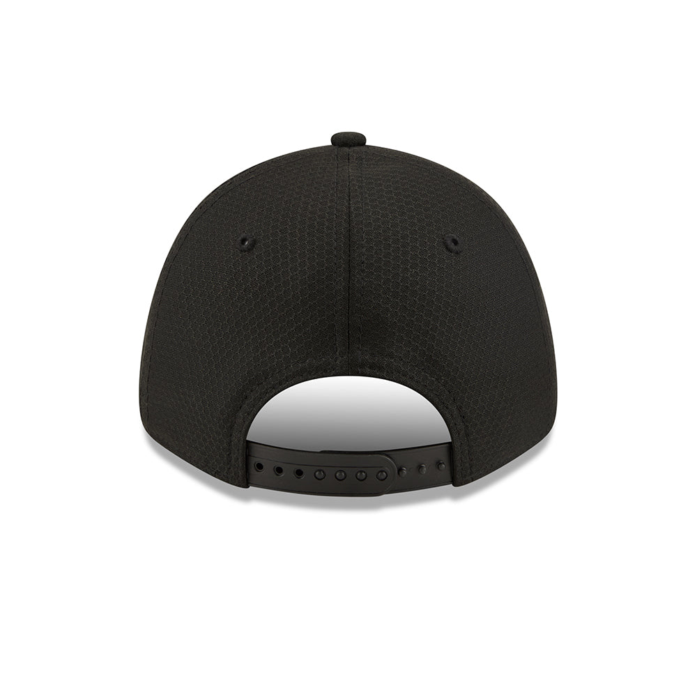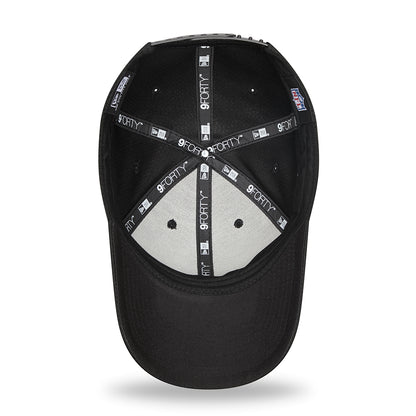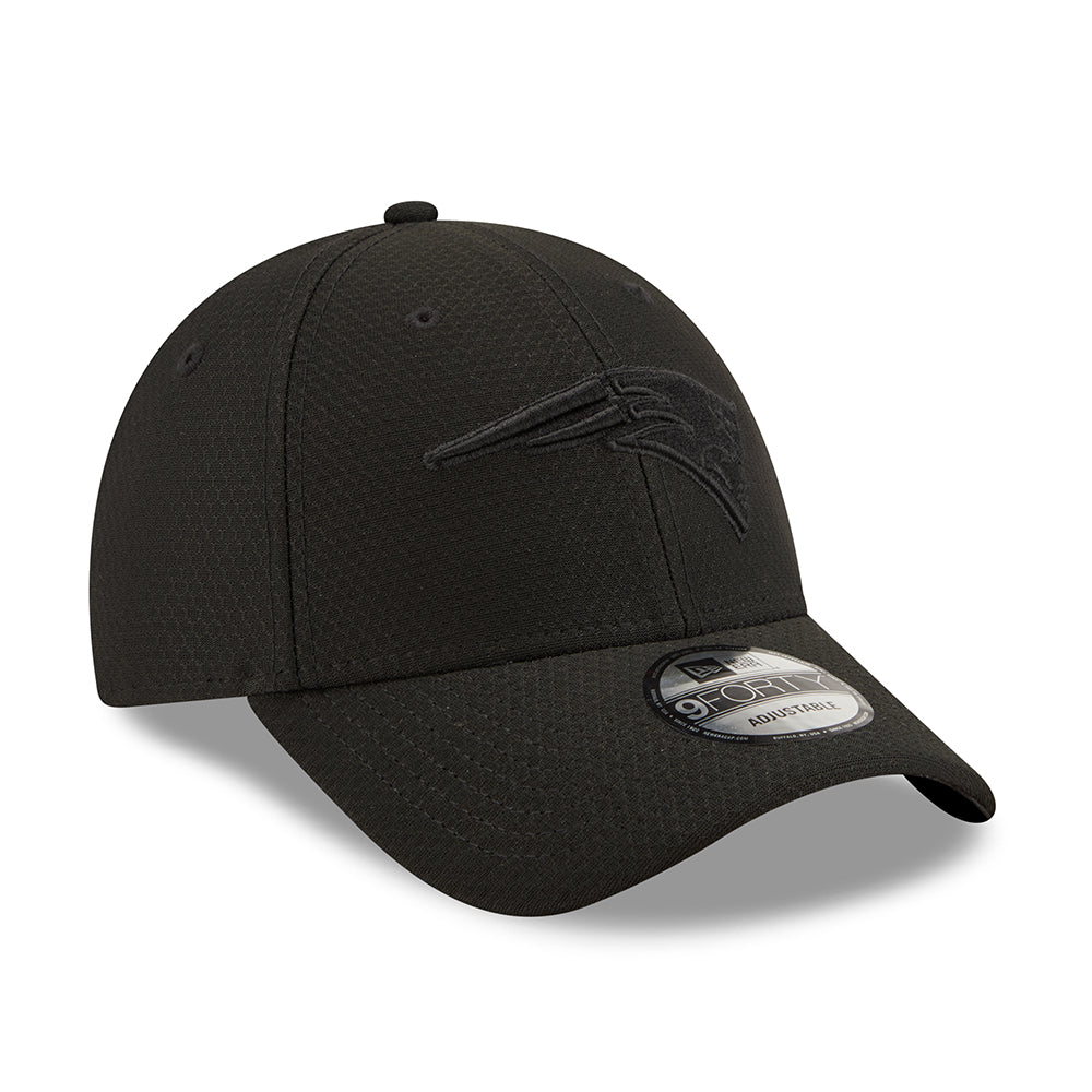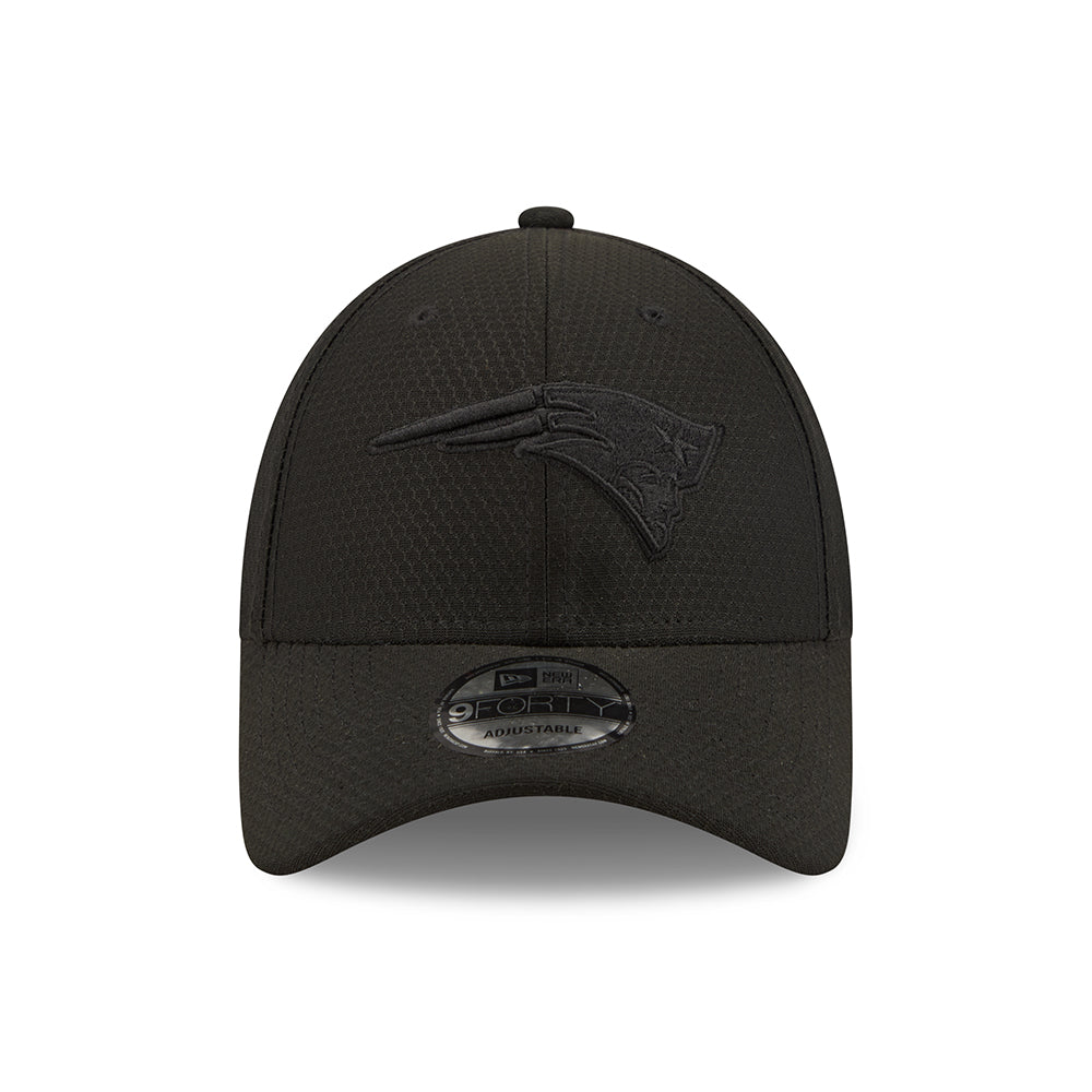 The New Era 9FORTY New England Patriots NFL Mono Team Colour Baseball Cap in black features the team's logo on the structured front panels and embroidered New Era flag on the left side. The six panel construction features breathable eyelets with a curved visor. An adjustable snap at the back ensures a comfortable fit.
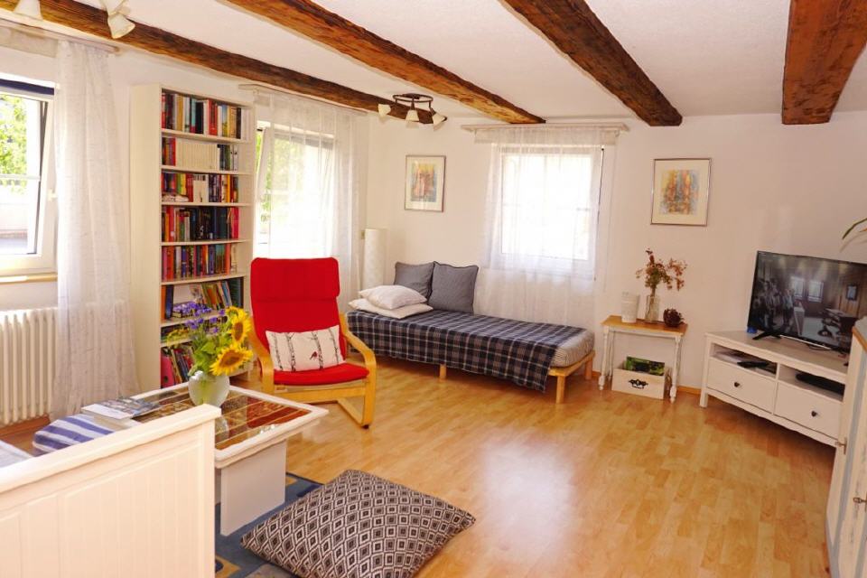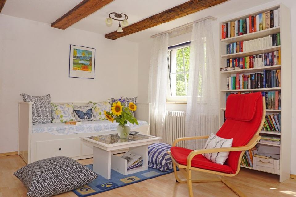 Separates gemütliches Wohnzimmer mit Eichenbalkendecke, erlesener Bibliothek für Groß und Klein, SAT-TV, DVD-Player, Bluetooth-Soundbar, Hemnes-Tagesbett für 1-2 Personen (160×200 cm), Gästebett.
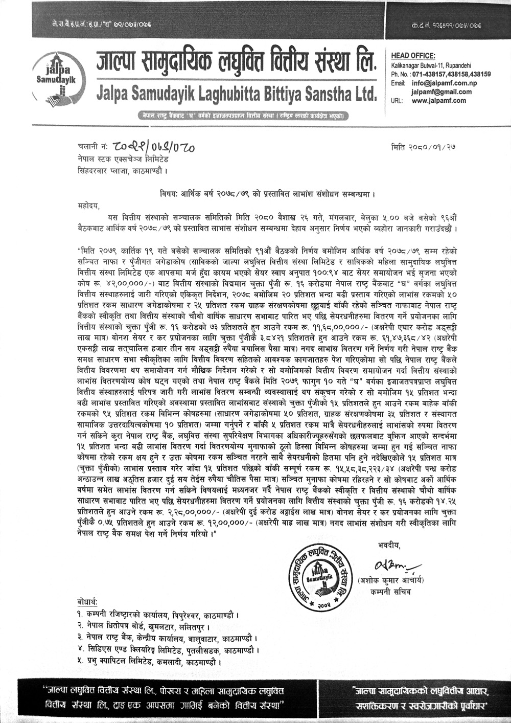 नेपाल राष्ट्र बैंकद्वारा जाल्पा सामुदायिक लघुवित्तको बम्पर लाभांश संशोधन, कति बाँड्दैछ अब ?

..........

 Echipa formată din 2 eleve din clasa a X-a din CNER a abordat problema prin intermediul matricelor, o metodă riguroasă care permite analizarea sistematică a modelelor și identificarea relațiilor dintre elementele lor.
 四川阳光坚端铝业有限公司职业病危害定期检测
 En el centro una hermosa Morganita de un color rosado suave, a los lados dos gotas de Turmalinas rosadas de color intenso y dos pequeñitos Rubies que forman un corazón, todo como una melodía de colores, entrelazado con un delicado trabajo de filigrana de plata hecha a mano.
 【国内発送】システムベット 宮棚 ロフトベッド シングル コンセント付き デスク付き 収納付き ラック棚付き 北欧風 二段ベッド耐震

..........

▶ [Problem to work on] Only one stretch of the material above is wanted: the line containing "The New Era" through the line containing "नेपाल राष्ट्र बैंकद्वारा". Restate it word for word, minus the pictures.

▶ [Exercise answer]
 The New Era 9FORTY New England Patriots NFL Mono Team Colour Baseball Cap in black features the team's logo on the structured front panels and embroidered New Era flag on the left side. The six panel construction features breathable eyelets with a curved visor. An adjustable snap at the back ensures a comfortable fit.
 Separates gemütliches Wohnzimmer mit Eichenbalkendecke, erlesener Bibliothek für Groß und Klein, SAT-TV, DVD-Player, Bluetooth-Soundbar, Hemnes-Tagesbett für 1-2 Personen (160×200 cm), Gästebett.
 नेपाल राष्ट्र बैंकद्वारा जाल्पा सामुदायिक लघुवित्तको बम्पर लाभांश संशोधन, कति बाँड्दैछ अब ?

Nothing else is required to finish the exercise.